WHAT YOU WILL DO: Search each line of the data for the word "with"; copy every line where it is found.

BEGIN GIVEN RECORDS

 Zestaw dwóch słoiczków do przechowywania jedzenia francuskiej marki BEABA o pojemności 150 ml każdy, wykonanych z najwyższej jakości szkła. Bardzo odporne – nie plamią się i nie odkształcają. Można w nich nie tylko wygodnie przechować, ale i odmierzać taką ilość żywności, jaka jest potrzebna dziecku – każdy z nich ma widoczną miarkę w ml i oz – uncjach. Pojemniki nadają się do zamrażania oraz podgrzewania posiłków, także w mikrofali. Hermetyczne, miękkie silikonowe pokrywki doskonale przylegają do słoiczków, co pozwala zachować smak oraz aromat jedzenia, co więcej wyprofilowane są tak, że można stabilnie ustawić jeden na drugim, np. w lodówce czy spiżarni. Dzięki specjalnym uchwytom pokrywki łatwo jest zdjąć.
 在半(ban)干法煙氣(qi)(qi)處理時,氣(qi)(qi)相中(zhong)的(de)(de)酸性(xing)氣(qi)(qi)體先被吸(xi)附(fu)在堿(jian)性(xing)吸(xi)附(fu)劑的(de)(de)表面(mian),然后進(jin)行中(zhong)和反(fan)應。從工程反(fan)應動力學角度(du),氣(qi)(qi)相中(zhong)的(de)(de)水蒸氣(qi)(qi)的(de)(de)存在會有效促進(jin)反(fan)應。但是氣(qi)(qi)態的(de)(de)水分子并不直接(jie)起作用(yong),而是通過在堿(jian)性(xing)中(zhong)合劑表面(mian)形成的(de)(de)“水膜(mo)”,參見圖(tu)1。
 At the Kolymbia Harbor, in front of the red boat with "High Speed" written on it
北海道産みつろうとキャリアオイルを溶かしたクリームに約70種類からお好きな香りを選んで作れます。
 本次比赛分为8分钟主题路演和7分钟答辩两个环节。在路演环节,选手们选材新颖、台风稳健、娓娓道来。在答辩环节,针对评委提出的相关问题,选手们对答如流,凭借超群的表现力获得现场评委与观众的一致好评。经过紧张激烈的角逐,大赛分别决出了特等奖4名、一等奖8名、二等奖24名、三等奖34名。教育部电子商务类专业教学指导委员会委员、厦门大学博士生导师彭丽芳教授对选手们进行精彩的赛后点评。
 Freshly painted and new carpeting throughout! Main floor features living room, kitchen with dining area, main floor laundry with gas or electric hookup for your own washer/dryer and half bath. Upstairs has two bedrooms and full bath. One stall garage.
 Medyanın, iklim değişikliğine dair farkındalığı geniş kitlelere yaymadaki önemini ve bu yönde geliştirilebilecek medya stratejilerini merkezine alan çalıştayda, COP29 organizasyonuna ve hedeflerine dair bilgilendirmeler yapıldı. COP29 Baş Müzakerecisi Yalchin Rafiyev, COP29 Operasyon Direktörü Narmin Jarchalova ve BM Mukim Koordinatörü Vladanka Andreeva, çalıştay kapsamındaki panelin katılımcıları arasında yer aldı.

END GIVEN RECORDS

EXERCISE ANSWER:
 At the Kolymbia Harbor, in front of the red boat with "High Speed" written on it
 Freshly painted and new carpeting throughout! Main floor features living room, kitchen with dining area, main floor laundry with gas or electric hookup for your own washer/dryer and half bath. Upstairs has two bedrooms and full bath. One stall garage.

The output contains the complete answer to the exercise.